The question is, if it is well documented that this kind of programs don’t work (don’t solve the problem) and that despite being programs genuinely “aimed” at being terminated once the problem is solved, they always manage to grow to be many times bigger (and more expensive) than initially envisaged, why the government keep designing and funding entitlement programs?
It is not clearly about solving the problems they “pretend” to solve.
Matthias
Oct 12 2023 at 7:24pm
For comparison: Germany still has a government owned bank named Kreditanstalt für Wiederaufbau (“Credit Institute for Reconstruction”) that was founded to alleviate the damage of the second world war.
Anything that money could do to fix those damages, money has long done.

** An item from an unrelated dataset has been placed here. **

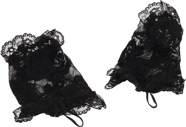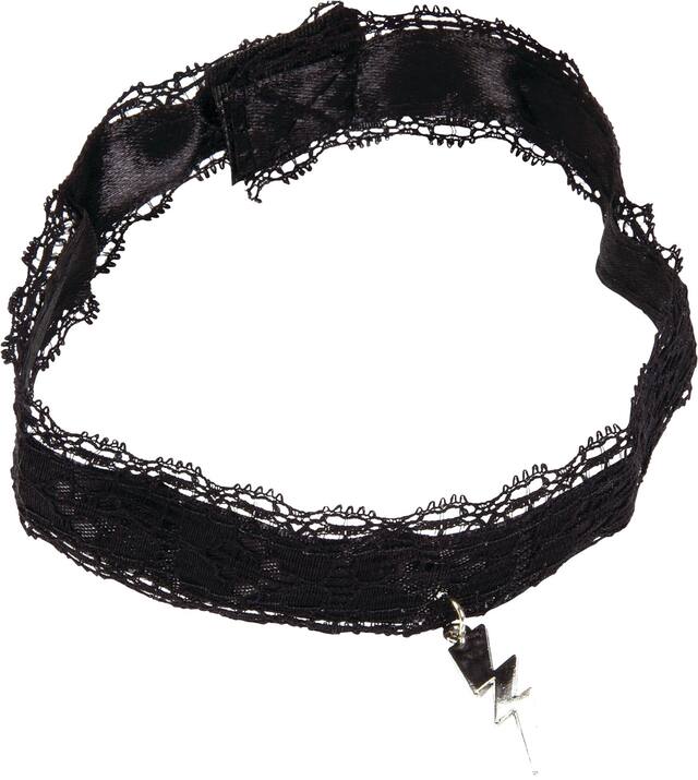 Comprend un collier étrangleur en dentelle avec une breloque argentée en forme d'éclair et des gants noirs en dentelle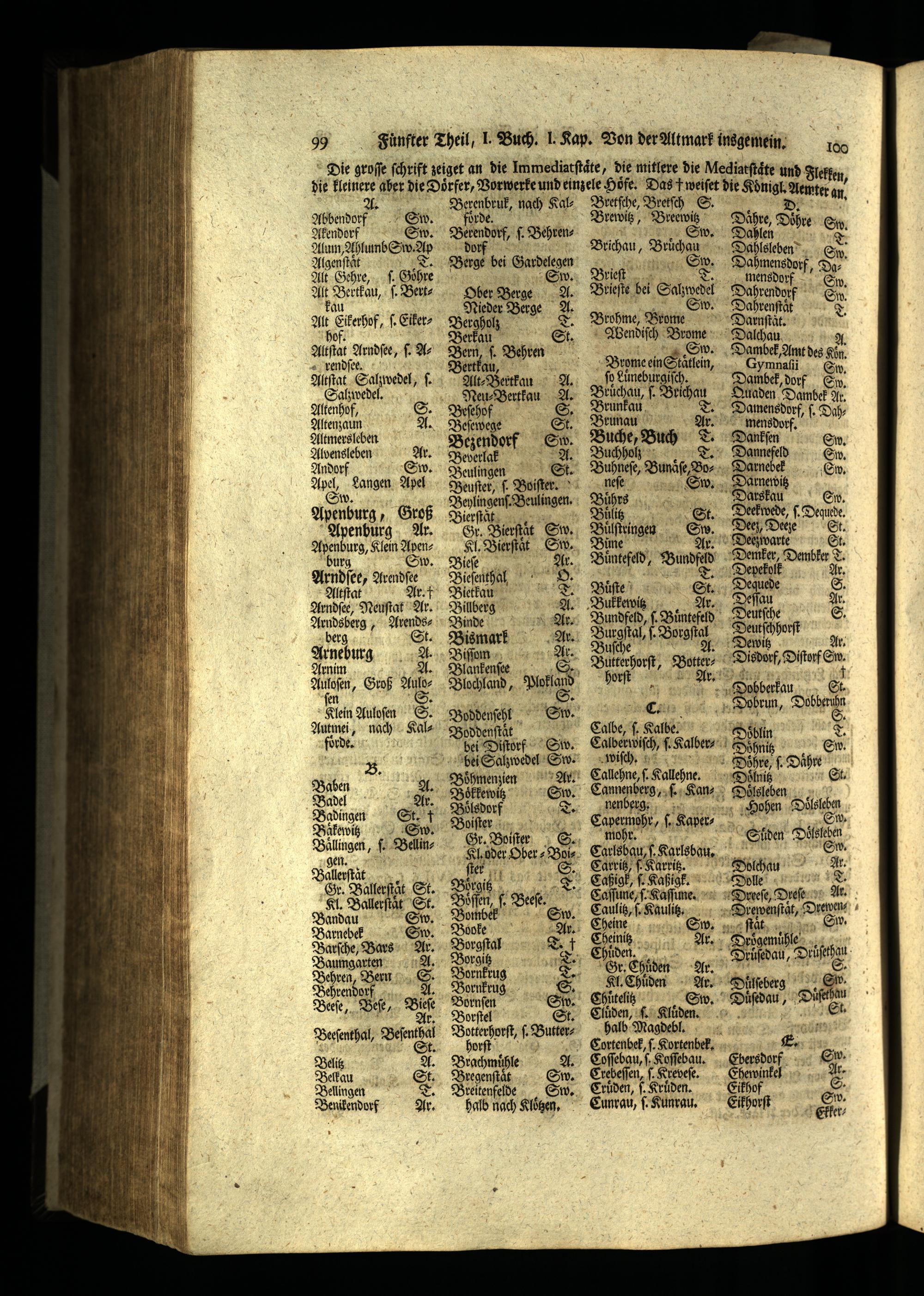Rl. Ballerſtaͤt St. Bandau Sw. Barnebek Sw. Barſche, Bars Ar. Baumgarten A. Behren, Bern S. Behrendorf A. Beeſe, Beſe,.

But that institute was never at risk of being wound down.
Germany also still has a special tax on sparkling wine on the books that was set up in 1902 to contribute to financing the naval arms race with the UK.
Jim Glass
Oct 12 2023 at 12:38pm
The late, great, Senator Daniel Patrick Moynihan, who crossed the political divides (in the days when that was possible) and was an architect of both the successful welfare reforms of the 1990s and the “saving” of Social Security in 1983, was once asked: Why is Social Security such a success and welfare such a failure, when they are both just cash transfers?
His answer was:
Welfare subsidies are paid to people before they learn to get a job, earn their own income, manage money, stay employed by not breaking the law, buy and manage their own assets, deal with family responsibilities, and so on — it insulates them from learning those things.
Social Security’s subsidies are paid to people only after they get a job and hold one for decades, requiring them to learn those things.
Economics isn’t just about money incentives, behavioral incentives can be much more important.
Warren Platts
Oct 15 2023 at 1:03am
My suggestion would be to simply manage for a tight labor market in order to drive up wages. This would of course require an end to mass immigration (a side effect is that slowing population growth would lower the demand for new housing) and tariffs and other measures to end the trade deficit and direct American demand to American producers.